2, Lp-PLA2 and atherosclerosis
Recent
studies have shown that atherosclerosis (As) is an inflammatory disease
that is involved in the development of atherosclerotic plaque
formation, as well as loss of stability and atherosclerotic plaques Rupture shedding plays an important role. Inflammatory response is one of the important mechanisms of As formation. At
the early stage of atherosclerosis, Lp-PLA2 is produced in the coronary
circulation, and the subsequent lyso-lecithin is associated with
coronary endothelial dysfunction. Therefore, plasma Lp-PLA2 can be used as a marker of atherosclerotic risk. In addition, Lp-PLA2 levels in different regions and populations are
consistent with cardiovascular and cerebrovascular risk, which makes the
potential role of Lp-PLA2 in the clinical cardiovascular and
cerebrovascular events as eye-catching as possible therapeutic targets.
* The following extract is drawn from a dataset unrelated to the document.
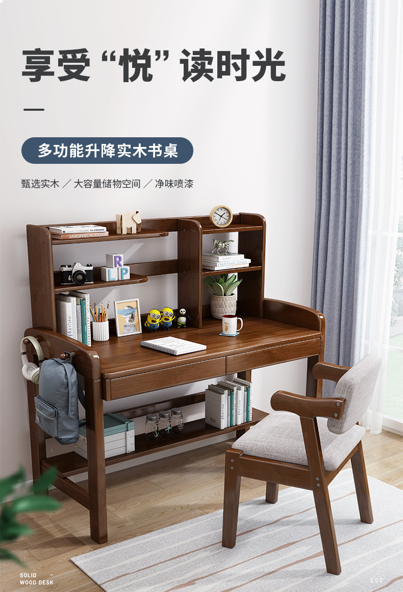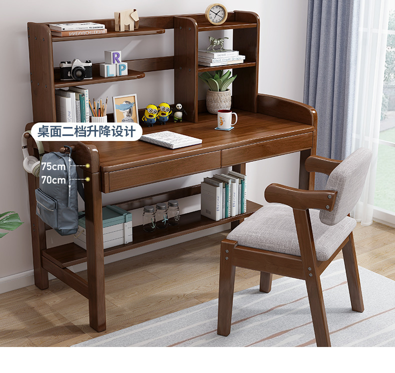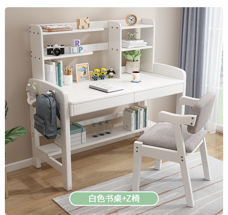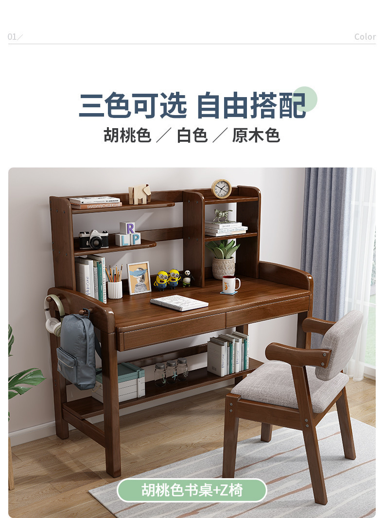 간단한 현대 책상 책장 학생 학습 테이블 캐비닛 및 의자 조합 통합 테이블 가정용 단단한 나무 컴퓨터 테이블

3, Lp-PLA2 and ischemic stroke
Recently,
several large epidemiological and clinical prospective studies have
found that plasma Lp-PLA2 concentration or activity of ischemic stroke
is an independent risk factor. Elevated plasma Lp-PLA2 patients, coronary heart disease events and the risk of ischemic stroke increased significantly. In addition, Lp-PLA2 can be a good predictor of stroke recurrence risk.
Principles of clinical application
Normal reference value: 8-150 ng / ml
>
150 ng / ml suggest increased atherosclerotic plaque instability,
increased risk of cardiovascular and cerebrovascular diseases.